Development version (this repository)

This repository is the primary location for development of the modules behind the r.learn.ml2 addon. This repository contains the newest and experimental features, and also provides documentation for using the modules within the add-on for scripting.

The development version can also be installed using g.extension on Linux and Mac OS.

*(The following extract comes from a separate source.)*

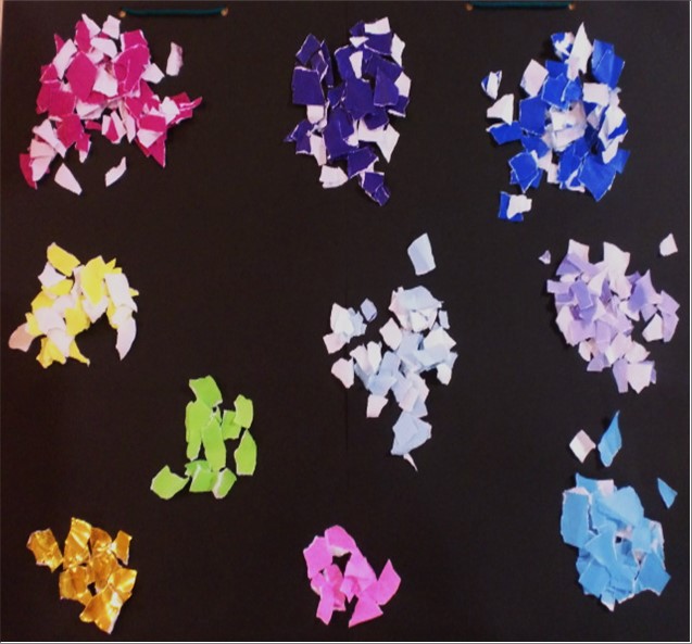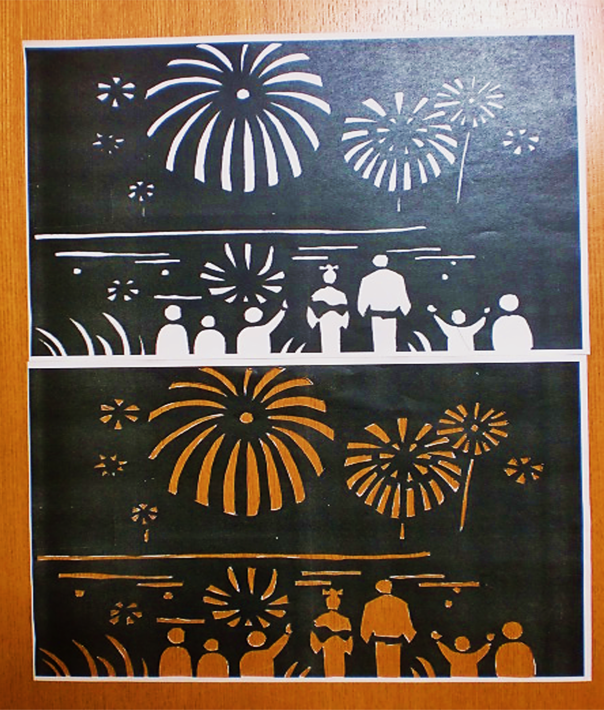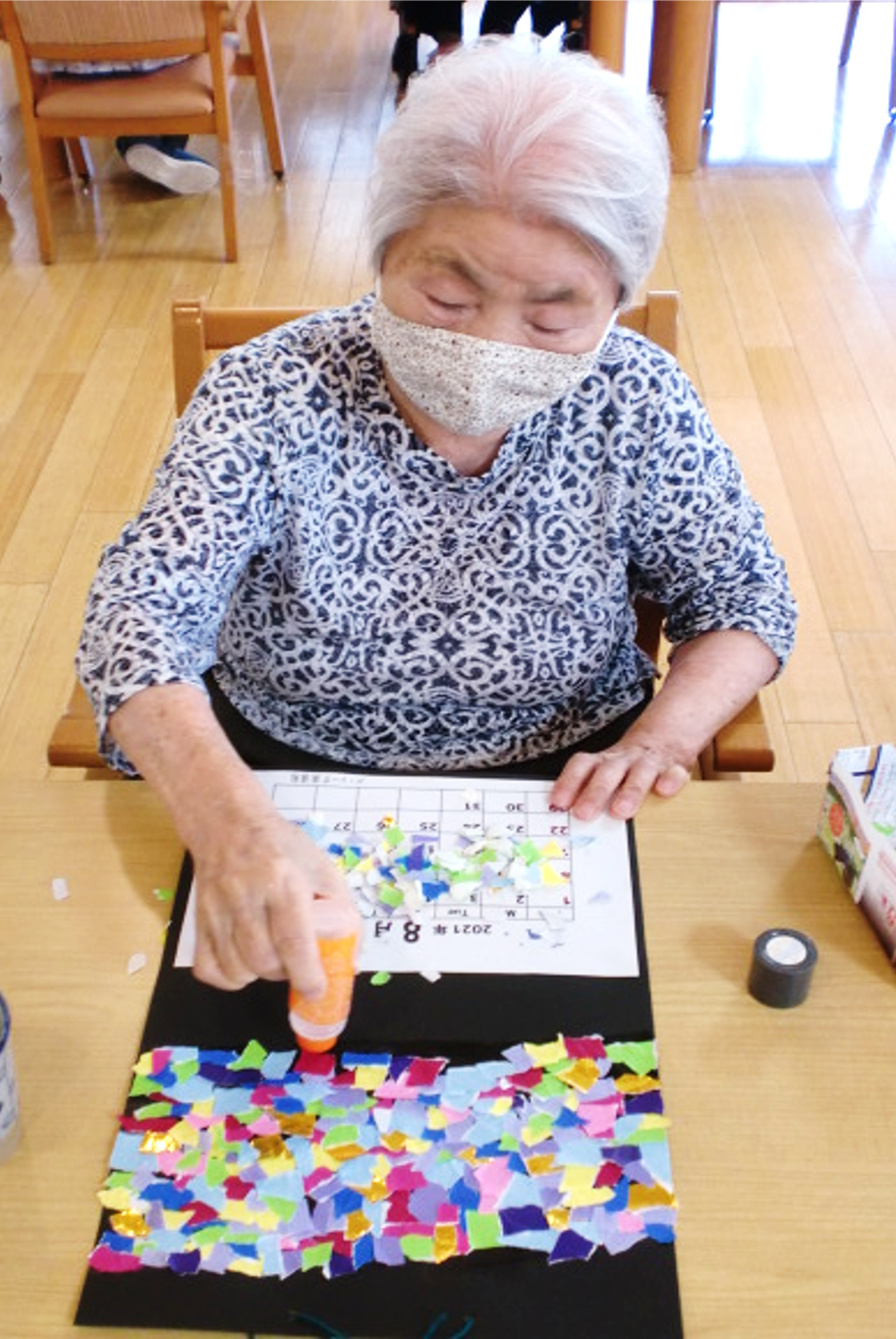 ご利用者様には、小さくちぎったカラフルな折り紙を黒い台紙にたくさん貼って頂き、その上から切り抜いた花火の上紙を貼り完成です。

g.extension extension=r.learn.ml2 url=https://github.com/stevenpawley/r.learn.ml2

Example using GRASS GIS command line

Here we are going to use the GRASS GIS sample North Carolina data set as a basis to perform a landsat classification. We are going to classify a Landsat 7 scene from 2000, using training information from an older (1996) land cover dataset.

Note that this example must be run in the "landsat" mapset of the North Carolina sample data set location.

Plot a landsat 7 (2000) bands 7,4,2 color composite:

i.colors.enhance red=lsat7_2000_70 green=lsat7_2000_50 blue=lsat7_2000_20
d.rgb red=lsat7_2000_70 green=lsat7_2000_50 blue=lsat7_2000_20

example

Generate some training pixels from an older (1996) land cover classification:

g.region raster=landclass96 -p
r.random input=landclass96 npoints=1000 raster=training_pixels

Then we can use these training pixels to perform a classification on the more recently obtained landsat 7 image:

r.learn.train group=lsat7_2000 training_map=training_pixels \
	model_name=RandomForestClassifier n_estimators=500 save_model=rf_model.gz

r.learn.predict group=lsat7_2000 load_model=rf_model.gz output=rf_classification

Now display the results:

# copy color scheme from landclass training map to result
r.colors rf_classification raster=training_pixels

# plot the results
d.rast rf_classification

example

Quickstart using Python scripting

Importing the modules

Providing that r.learn.ml2 is installed as a GRASS GIS addon, the python modules can be imported directly using:

# add the r.learn.ml2 addon to path
import sys
from grass.script.utils import get_lib_path
path = get_lib_path("r.learn.ml2")
sys.path.append(path)

# import the addon's modules
from raster import RasterStack

The RasterStack class

Initiation

The main module in r.learn.ml2 is the RasterStack class. A RasterStack can be initiated using a list of GRASS GIS raster maps:

stack = RasterStack(rasters=["lsat7_2002_10", "lsat7_2002_20", "lsat7_2002_30", "lsat7_2002_40"])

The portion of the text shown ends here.